When roboflow trained the model it gave me these results:
mAP 7.1% Precision 12.8% Recall 1.8%

I have a lot of questions about the best approach for detection of these coco’s. All of our images are taken from the same elevation so all of the detections will be around the same size.

The coco’s show in the drone images in many different ways from full visible coco’s to partially hidden coco’s by leaves to coco’s a little deeper in the tree canopy that show as a little darker but still noticeable to the human eye as well as some around similar looking tree trucks and bark.

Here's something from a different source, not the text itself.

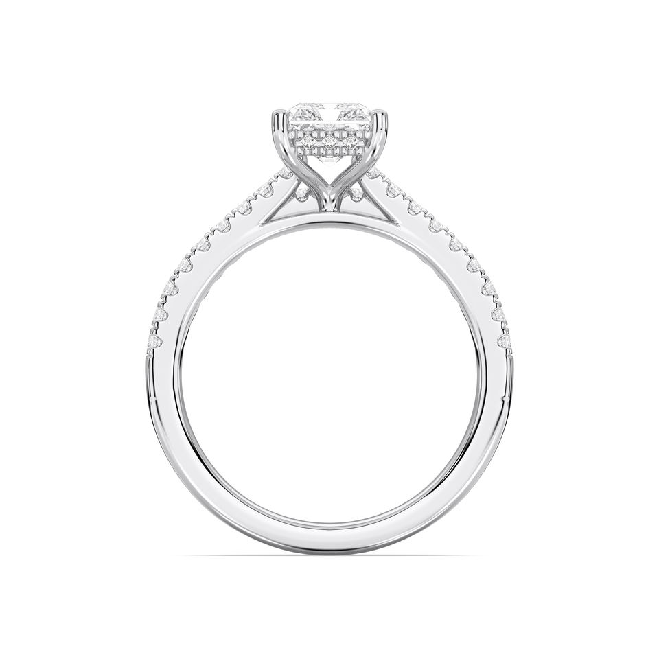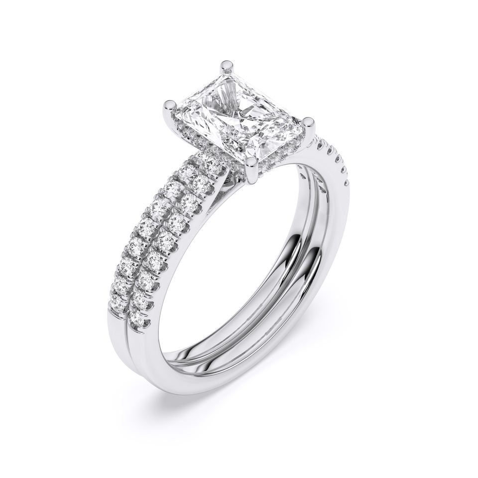 2.55 Ct E-F/VVS-VS (centre 2.00 Ct) Bague de fiançailles en diamant Moissanite coupe radieuse et ronde avec bande assortie en platine 950

Here are a few examples of annotations and an overall view of all of the cocos on one drome image:

We don’t necessarily need an accurate count of all visible coco’s exactly but we do need to be able to make a relationship between YOLO coco detection and harvest volume per tree.

I have generated a lot of questions so I hope others in the community will find this helpful as well.

What do you think is the best way to annotate the coco’s to get a reliable result?

Can we remove partially covered coco’s from the annotations and try to only detect only full visible coco’s or will that confuse the model in some way?

Does the fact that each annotation has very few pixels in relation to the image size make the detection of coco’s in these images difficult or unlikely?

Should I focus on including partial objects (e.g., partially visible cocos) in my annotations, or only fully visible ones?

Should I leave some room between the edges of the coco’s and the annotations or should the annotations fit very tightly around the coco’s without touching the edges of them?

What is the best practice for detection such small objects in an image?

How to best deal with small clusters of coco’s?

Would using segmentation masks instead of bounding boxes improve detection for small objects like coco’s?

Should I include a significant number of negative samples (images without coco’s) in my dataset?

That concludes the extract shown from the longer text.